[Data entries]
-- Opening Marker --

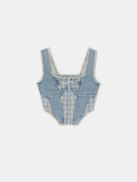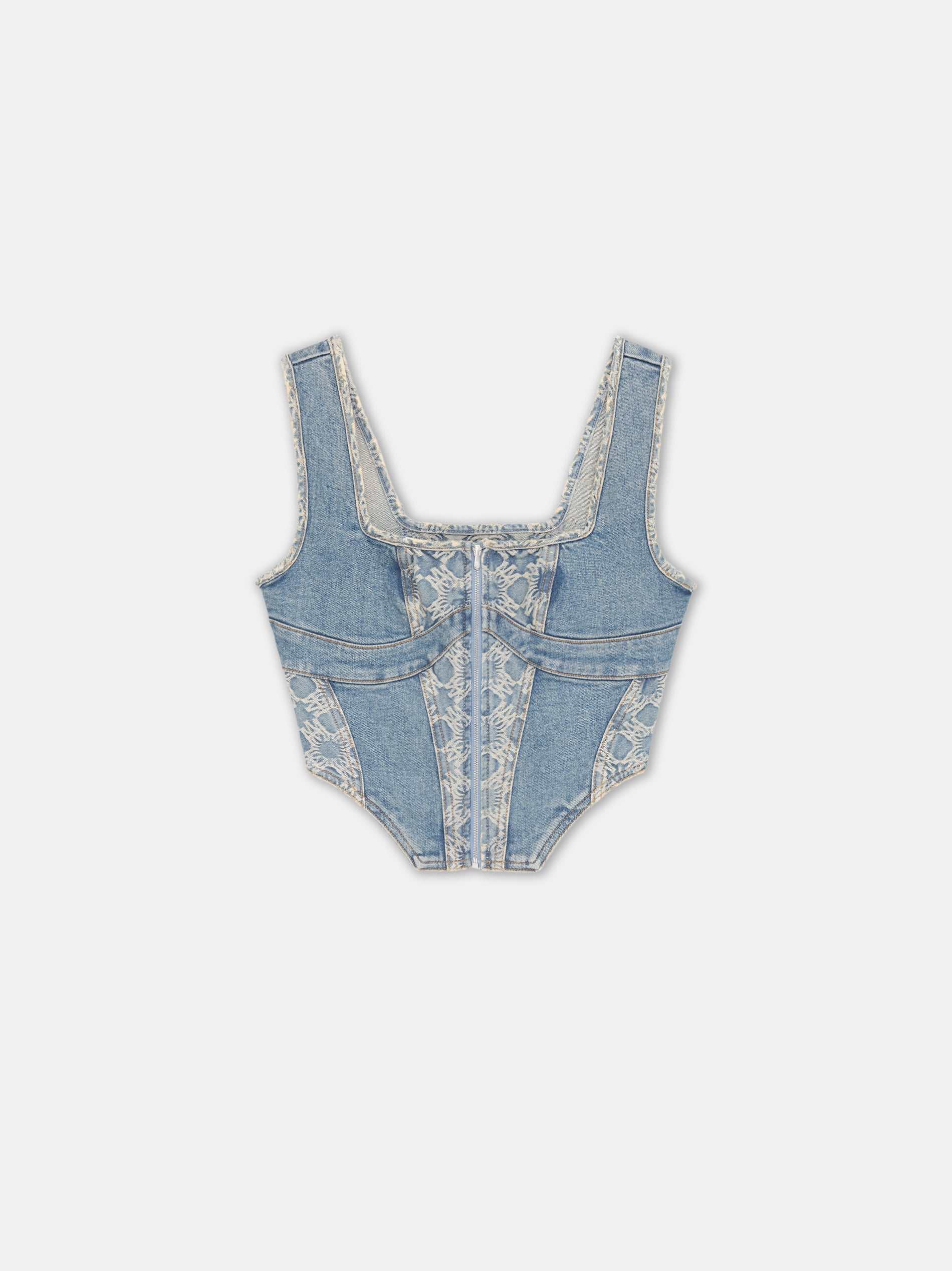 AUTUMN-WINTER 2024 MARKS THE INCEPTION OF THE MA QUAD MONOGRAM, A NEW HOUSE SIGNATURE. THE MA QUAD CORSET TOP IS CRAFTED FROM JACQUARD DENIM WITH PANELED CORSET CONSTRUCTION AND DOUBLE-ZIP CLOSURE. AUTUMN-WINTER 2024 COLLECTION MADE IN USA 97% COTTON, 3% ELASTANE
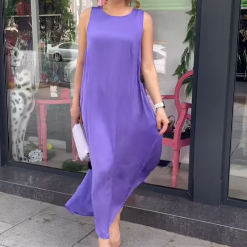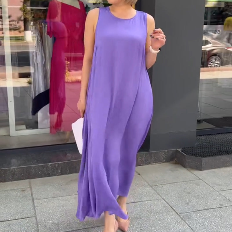 💜Lila ärmelloses Maxikleid mit lockerer Passform für Damen
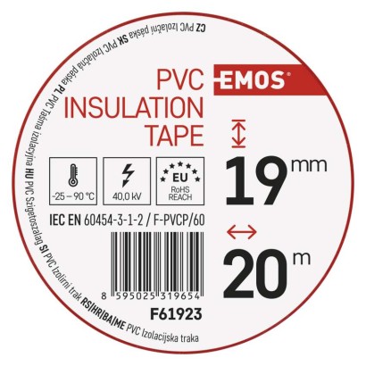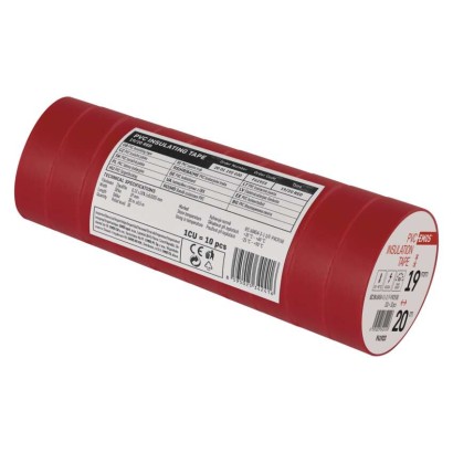 dĺžka návinu: 20 m|elektrická pevnosť minimálne: 40 kV/mm|elektrická pevnosť po vlhku minimálne: 35 kV/mm|farba: červená|hrúbka pásky: 0,13 mm|integrovaná textilná sieťka: nie|materiál lepidla: kaučuk|odolné UV: áno|odporúčaná skladovacia teplota: 10–45 °C|pevnosť v ťahu: 150 N/10 mm|potlač: bez potlače|predajný obal: 10 ks, fólia|predĺženie minimálne: 125 %|predpokladané použitie: izolácia káblov|priľnavosť k oceli minimálne: 1,8 N/10 mm|priľnavosť k podkladu: 1,5 N/10 mm|rozmer: 70 × 20 mm|rozsah inštalačných teplôt: -25–90 °C|samozhášavé: nie|šírka pásky: 19 mm|skúška plameňom: <1 sec|spĺňa smernicu REACH: áno|spĺňa smernicu ROHS: áno|typ pásky: PVC|vodotesný spoj: áno|vyhovuje norme: ČSN EN 60454-3-1|vytvára tlakotesný spoj: nie
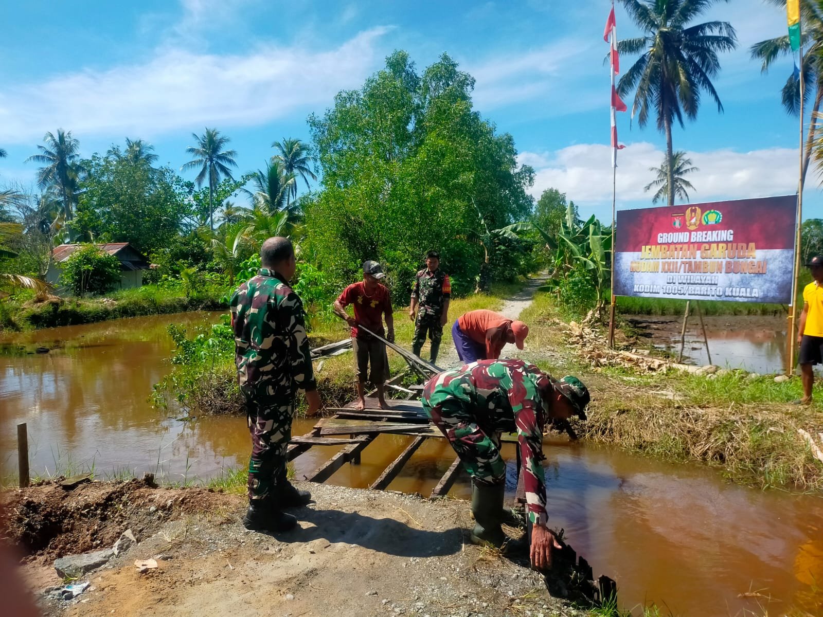 ”Pembangunan Jembatan Garuda ini kami laksanakan sebagai wujud kepedulian dan pengabdian TNI kepada masyarakat. Kami melihat betapa pentingnya jembatan ini bagi warga Tamban Bangun untuk aktivitas sehari-hari, terutama dalam mengangkut hasil bumi dan keperluan lainnya. Oleh karena itu, kami bergerak cepat untuk memulai tahap pembongkaran sebelum dilanjutkan dengan pembangunan struktur yang baru dan lebih kokoh,” ujar Kapten Inf Samsudin Nor.
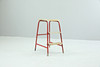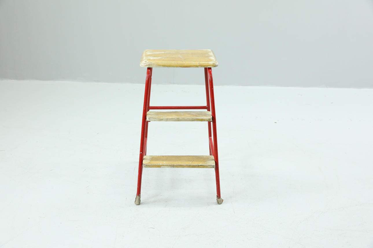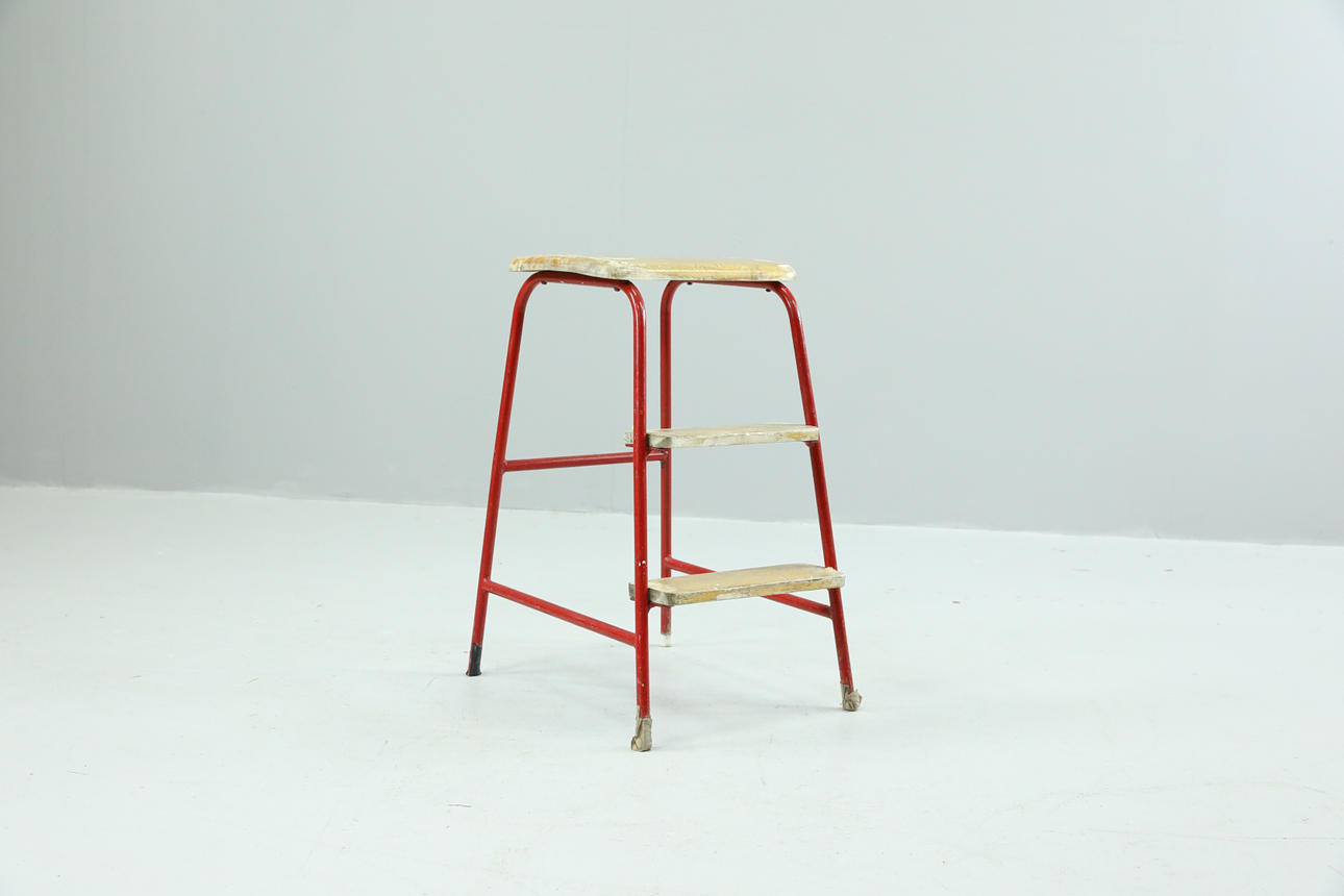 Rödlackerad metall, trä. höjd 58 cm bredd ca 34 cm djup 39 cm.

-- Closing Marker --

Instructions for the task =
Set down word for word the lines from the first entry through the line with "Passform für Damen", both included, omitting pictures.

Response area =
 AUTUMN-WINTER 2024 MARKS THE INCEPTION OF THE MA QUAD MONOGRAM, A NEW HOUSE SIGNATURE. THE MA QUAD CORSET TOP IS CRAFTED FROM JACQUARD DENIM WITH PANELED CORSET CONSTRUCTION AND DOUBLE-ZIP CLOSURE. AUTUMN-WINTER 2024 COLLECTION MADE IN USA 97% COTTON, 3% ELASTANE
 💜Lila ärmelloses Maxikleid mit lockerer Passform für Damen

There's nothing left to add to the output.